The following is a guest post by Jenny Paxson, an Administrative Assistant at the Packard Campus.
Friday, May 6 (7:30 p.m.)
Pay or Die (Allied Artists, 1960)
After he scored a big hit with the 1959 picture Al Capone, Allied Artists hired director/producer Richard Wilson for another Italian mobster movie, this one set in early twentieth-century New York City. The story is based on the actual account of New York Police Lieutenant Joseph Petrosino (played with gritty realism by Ernest Borgnine), an Italian American police detective who earned the respect of the immigrants in Little Italy and formed the Italian Squad of the police department in 1905 to battle “The Black Hand,” the old Sicilian term for the Mafia. Borgnine spoke fluent Italian so had no trouble with the Italian dialogue used throughout the film. Wilson directs in a docu-realist style and Lucien Ballard’s unobtrusive black and white photography brings out the period detail in the street scene sets. 111 minutes.
Saturday, May 7 (2 p.m.)
Hester Street (Midwest Films, 1975)
Writer-director Joan Micklin Silver’s first feature-length film, Hester Street was an adaption of preeminent Yiddish author Abraham Cahan’s 1896 well-received first novel Yekl: A Tale of the New York Ghetto. The film brought to the screen a portrait of Eastern European Jewish life in America that historians have praised for its accuracy of detail and sensitivity to the challenges immigrants faced during their acculturation process. Shot in black-and-white and partly in Yiddish with English subtitles, the independent production focuses on stresses that occur when a “greenhorn” wife, played by Carol Kane (nominated for an Academy Award for her portrayal), and her young son arrive in New York City to join her Americanized husband. Silver, one of the first women directors of American features to emerge during the women’s liberation movement, shifted the story’s emphasis from the husband, as in the novel, to the wife. The film was added to the National Film Registry in 2011. 89 minutes.

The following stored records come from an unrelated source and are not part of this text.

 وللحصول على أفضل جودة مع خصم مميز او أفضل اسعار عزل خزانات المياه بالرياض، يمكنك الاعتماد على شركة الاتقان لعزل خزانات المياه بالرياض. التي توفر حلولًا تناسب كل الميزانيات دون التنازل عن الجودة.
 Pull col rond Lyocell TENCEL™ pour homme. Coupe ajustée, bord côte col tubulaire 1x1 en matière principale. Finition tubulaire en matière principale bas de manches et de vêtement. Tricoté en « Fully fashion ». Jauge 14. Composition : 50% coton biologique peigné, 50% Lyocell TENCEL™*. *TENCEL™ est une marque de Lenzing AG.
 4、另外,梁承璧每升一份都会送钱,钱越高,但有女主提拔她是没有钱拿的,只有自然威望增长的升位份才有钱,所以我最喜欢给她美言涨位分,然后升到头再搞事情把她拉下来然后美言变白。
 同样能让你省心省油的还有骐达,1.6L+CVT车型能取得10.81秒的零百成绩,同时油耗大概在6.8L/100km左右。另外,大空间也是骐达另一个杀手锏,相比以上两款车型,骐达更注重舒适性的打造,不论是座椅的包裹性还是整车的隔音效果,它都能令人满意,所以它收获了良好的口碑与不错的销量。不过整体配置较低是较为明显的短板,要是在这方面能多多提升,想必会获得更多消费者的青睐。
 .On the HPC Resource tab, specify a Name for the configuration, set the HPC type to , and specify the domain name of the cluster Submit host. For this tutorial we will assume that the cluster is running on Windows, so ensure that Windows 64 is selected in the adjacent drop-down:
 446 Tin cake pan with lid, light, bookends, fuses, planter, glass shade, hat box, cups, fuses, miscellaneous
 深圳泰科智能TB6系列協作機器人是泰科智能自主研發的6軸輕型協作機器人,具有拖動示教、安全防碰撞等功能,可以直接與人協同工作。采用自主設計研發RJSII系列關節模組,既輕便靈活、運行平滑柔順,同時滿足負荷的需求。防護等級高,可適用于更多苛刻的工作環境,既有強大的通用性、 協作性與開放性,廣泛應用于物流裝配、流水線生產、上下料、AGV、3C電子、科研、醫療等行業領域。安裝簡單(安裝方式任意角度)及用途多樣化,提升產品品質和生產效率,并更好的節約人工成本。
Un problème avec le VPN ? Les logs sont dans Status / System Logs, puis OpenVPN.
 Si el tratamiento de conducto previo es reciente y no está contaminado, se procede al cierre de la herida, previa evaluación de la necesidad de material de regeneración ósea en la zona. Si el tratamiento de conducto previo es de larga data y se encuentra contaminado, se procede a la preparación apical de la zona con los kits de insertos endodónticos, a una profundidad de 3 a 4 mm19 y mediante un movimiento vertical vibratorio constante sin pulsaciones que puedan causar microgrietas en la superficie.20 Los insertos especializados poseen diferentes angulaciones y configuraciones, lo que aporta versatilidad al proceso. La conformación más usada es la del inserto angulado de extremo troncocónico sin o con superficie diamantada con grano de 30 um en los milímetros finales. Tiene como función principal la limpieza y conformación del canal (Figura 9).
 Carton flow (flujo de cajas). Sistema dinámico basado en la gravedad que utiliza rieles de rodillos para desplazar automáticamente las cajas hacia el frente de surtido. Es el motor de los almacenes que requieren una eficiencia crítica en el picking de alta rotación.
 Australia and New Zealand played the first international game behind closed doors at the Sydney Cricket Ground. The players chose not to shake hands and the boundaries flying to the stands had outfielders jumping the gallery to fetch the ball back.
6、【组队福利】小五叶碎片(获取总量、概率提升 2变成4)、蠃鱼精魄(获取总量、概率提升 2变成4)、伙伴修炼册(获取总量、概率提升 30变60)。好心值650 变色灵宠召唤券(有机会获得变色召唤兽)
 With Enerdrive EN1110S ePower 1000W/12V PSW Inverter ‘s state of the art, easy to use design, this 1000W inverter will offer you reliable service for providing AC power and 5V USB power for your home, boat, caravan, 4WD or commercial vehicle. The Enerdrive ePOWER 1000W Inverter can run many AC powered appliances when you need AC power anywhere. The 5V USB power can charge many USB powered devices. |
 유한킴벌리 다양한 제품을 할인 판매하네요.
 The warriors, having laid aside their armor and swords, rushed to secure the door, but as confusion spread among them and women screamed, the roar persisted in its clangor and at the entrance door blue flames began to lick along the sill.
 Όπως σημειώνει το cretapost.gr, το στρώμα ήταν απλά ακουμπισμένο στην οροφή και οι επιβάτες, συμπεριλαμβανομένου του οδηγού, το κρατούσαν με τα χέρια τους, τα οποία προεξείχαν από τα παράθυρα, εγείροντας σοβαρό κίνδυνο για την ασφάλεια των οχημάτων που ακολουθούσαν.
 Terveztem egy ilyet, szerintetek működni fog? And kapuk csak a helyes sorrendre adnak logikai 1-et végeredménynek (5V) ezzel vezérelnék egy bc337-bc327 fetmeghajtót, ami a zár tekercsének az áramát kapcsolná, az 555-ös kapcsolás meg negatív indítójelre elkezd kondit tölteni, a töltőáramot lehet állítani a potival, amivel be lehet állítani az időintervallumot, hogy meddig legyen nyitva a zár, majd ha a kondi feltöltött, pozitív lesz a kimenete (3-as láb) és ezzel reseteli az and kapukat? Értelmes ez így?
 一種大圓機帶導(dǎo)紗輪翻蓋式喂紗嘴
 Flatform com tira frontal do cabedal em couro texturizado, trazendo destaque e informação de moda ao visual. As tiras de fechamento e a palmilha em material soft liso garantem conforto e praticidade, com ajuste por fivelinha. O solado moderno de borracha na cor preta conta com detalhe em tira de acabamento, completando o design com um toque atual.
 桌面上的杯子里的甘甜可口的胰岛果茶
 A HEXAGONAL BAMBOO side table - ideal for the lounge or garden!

Saturday, May 7 (7:30 p.m.)
Ragtime (Paramount, 1981)
Based on E.L. Doctorow’s best-selling historical novel of the same name, this multifaceted story, set in the New York City area, 1902 to 1912, weaves together the stories of both fictional and historically prominent characters such as Stanford White, Evelyn Nesbit, Harry Houdini, and Booker T. Washington. Perhaps it is best remembered today as the film that brought James Cagney back to the big screen after a twenty-year absence. The huge ensemble cast includes such other seasoned veterans as Donald O’Connor and Pat O’Brien, as well as a number of actors in the early days of their careers, such as Mandy Patinkin, Mary Steenburgen, Debbie Allen, and Jeff Daniels in his screen debut. Elizabeth McGovern and Howard E. Rollins Jr. both received Best Supporting Acting nominations. Directed by Milos Forman, the film garnered six additional Oscar nominations including Randy Newman for Best Original Score, Miroslav Ondrícek for Best Cinematography and Michael Weller for Best Adapted Screenplay. 155 minutes.